The Time Machine by H.G. Wells (1895): Most of you at least know of Wells as a result of Orson Welles’ (no relation) notorious performance of War of the Worlds in 1938. Wells is certainly a key figure of the development of the SciFi genre, and I’ve always been most interested Wells’ first novel. It is likely that this novel gave rise to the entire time travel subgenre of science fiction; so, if you like The Terminator or Back to the Future, you have Wells to thank (but, of course, you have Mary Shelley to thank for Doc Brown).  In fact, Wells coined the term “time machine” in this novel. It is the story of the unnamed Time Traveller, a steampunk long before there was steampunk.  He ventures into the future expecting to find what human hubris will expect to find: progress.  While at first this future seems to live up to the Time Traveller’s expectations, he finds that an unimaginable horror—the return of the oppressed Morlocks—undergirds this seeming utopia.
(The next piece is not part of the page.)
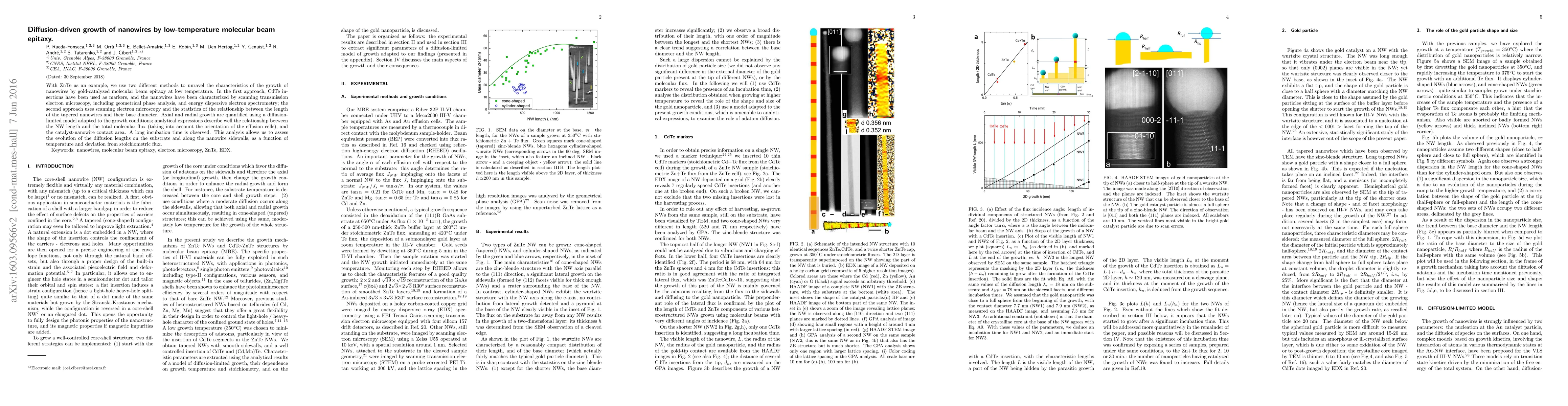 With ZnTe as an example, we use two different methods to unravel the characteristics of the growth of nanowires by gold-catalyzed molecular beam epitaxy at low temperature. In the first approach, CdTe insertions have been used as markers, and the nanowires have been characterized by scanning transmission electron microscopy, including geometrical phase analysis, and energy dispersive electron spectrometry; the second approach uses scanning electron microscopy and the statistics of the relationship between the length of the tapered nanowires and their base diameter. Axial and radial growth are quantified using a diffusion-limited model adapted to the growth conditions; analytical expressions describe well the relationship between the NW length and the total molecular flux (taking into account the orientation of the effusion cells), and the catalyst-nanowire contact area. A long incubation time is observed. This analysis allows us to assess the evolution of the diffusion lengths on the substrate and along the nanowire sidewalls, as a function of temperature and deviation from stoichiometric flux.

Many of you know the tale, but it really is quite brilliant that Wells’ dystopia is posited first as a utopia. The novel becomes a deft and humbling commentary on the future of our species from a scientific rather than religious or otherwise idealistic perspective.  My favorite portion of the book involves the Time Traveller’s escape in which he travels further and further into the future millions of years (and what would actually take billions of years) to the near death of the sun as a swollen red giant. It’s a chilling vision. Yet the novel is more often viewed as a commentary upon psycho-social stratification in our own time. The Morlocks and Eloi represent the ultimate consequences of social stratification, a theme that remains relevant as our income gap continues to widen at the present historical moment. And then there’s the fact that common folk in our country won’t even think about the fact that their cheap phones and clothing and food is provided to them by virtual slave labor in our nation and others. The return of the oppressed anyone?

A few further suggestions: Persuasion by Jane Austen, The Strange Case of Dr. Jekyll and Mr. Hyde by Robert Louis Stevenson, The Heart of Darkness by Joseph Conrad, The Awakening by Kate Chopin.